___ Supplied entries
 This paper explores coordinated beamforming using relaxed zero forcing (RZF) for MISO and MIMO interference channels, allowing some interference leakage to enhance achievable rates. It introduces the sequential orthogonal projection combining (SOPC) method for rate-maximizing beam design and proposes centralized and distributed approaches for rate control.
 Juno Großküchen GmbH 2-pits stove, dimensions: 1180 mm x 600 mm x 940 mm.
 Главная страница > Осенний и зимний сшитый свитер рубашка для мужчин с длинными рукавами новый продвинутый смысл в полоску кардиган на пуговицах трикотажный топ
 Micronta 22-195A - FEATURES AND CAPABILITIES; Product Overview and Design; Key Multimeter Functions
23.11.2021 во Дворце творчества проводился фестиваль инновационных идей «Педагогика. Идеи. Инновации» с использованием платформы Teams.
______
___ Supplied entries
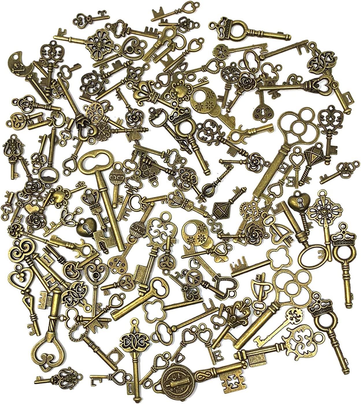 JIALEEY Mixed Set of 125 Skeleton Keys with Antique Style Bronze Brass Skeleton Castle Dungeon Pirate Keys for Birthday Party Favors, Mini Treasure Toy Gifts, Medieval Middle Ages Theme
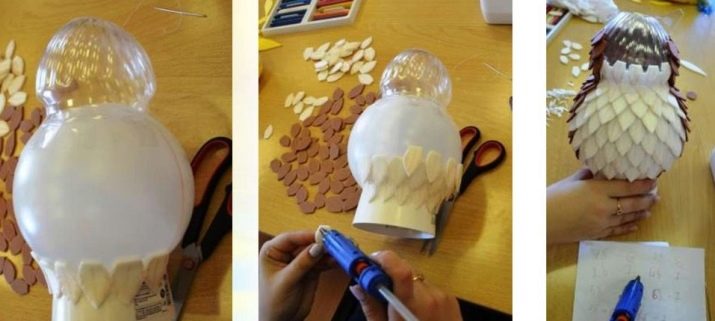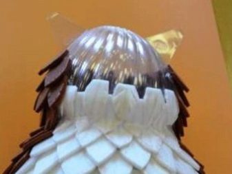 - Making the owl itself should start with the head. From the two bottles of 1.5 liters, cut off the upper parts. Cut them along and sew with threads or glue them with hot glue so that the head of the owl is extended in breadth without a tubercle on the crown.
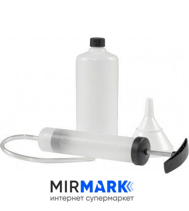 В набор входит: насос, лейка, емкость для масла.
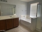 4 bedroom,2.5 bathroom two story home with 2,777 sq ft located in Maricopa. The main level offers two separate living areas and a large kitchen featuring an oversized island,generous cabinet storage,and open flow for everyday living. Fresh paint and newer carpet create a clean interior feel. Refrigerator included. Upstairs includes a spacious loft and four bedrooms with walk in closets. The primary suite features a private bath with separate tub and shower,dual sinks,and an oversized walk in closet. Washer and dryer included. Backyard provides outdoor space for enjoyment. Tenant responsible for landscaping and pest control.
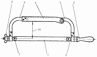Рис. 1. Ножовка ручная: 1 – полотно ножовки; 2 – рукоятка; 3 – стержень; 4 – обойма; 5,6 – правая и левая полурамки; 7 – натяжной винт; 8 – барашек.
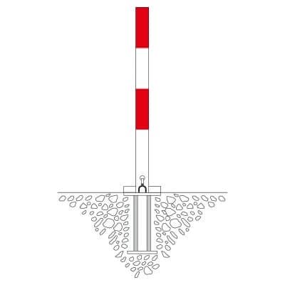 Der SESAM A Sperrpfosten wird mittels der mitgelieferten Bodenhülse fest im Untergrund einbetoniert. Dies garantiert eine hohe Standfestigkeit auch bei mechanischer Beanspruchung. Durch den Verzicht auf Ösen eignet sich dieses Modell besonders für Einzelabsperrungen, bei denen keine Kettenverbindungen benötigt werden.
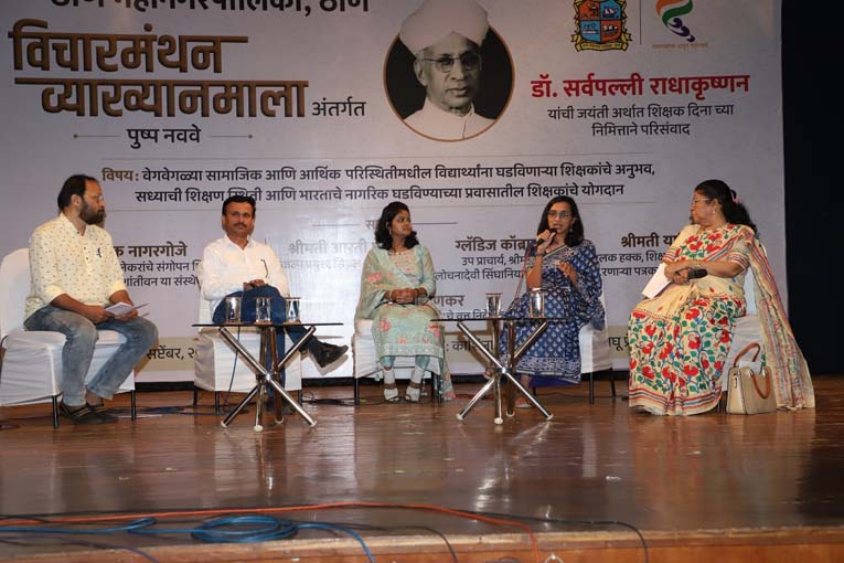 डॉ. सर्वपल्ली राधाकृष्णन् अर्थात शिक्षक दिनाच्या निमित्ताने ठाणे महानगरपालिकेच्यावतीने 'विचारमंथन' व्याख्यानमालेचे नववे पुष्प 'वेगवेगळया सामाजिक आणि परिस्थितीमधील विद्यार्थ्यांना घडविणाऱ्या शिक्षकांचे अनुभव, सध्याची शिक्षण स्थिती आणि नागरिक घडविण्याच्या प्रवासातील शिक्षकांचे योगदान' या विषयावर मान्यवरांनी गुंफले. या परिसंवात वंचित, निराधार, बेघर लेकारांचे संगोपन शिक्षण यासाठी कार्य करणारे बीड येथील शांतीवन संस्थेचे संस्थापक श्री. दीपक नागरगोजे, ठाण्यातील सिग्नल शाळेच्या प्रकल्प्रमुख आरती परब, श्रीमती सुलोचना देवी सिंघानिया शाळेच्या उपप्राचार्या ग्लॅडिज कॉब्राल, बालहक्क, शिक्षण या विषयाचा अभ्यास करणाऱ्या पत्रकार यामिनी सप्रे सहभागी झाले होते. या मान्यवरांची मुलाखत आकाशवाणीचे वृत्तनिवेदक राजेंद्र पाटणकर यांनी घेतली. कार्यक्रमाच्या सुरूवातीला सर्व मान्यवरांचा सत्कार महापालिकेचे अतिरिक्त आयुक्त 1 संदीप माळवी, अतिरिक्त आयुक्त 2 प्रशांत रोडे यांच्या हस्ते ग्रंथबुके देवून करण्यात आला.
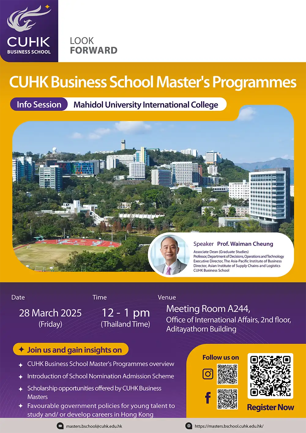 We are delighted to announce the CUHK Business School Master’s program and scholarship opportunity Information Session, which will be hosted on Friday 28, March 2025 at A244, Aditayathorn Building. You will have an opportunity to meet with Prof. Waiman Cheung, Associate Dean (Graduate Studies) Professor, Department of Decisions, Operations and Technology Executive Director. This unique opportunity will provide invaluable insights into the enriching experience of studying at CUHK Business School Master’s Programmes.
______
___ Supplied entries
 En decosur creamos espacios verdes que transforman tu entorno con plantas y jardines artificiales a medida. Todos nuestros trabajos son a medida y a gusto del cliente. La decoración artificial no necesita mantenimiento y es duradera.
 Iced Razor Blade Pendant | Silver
______
◆ **Your instructions**: Only the lines above from the line with "Juno Großküchen GmbH" to the line with "23.11.2021 во Дворце", those two lines included, should be reproduced exactly.

◆ **Exercise answer**:
 Juno Großküchen GmbH 2-pits stove, dimensions: 1180 mm x 600 mm x 940 mm.
 Главная страница > Осенний и зимний сшитый свитер рубашка для мужчин с длинными рукавами новый продвинутый смысл в полоску кардиган на пуговицах трикотажный топ
 Micronta 22-195A - FEATURES AND CAPABILITIES; Product Overview and Design; Key Multimeter Functions
23.11.2021 во Дворце творчества проводился фестиваль инновационных идей «Педагогика. Идеи. Инновации» с использованием платформы Teams.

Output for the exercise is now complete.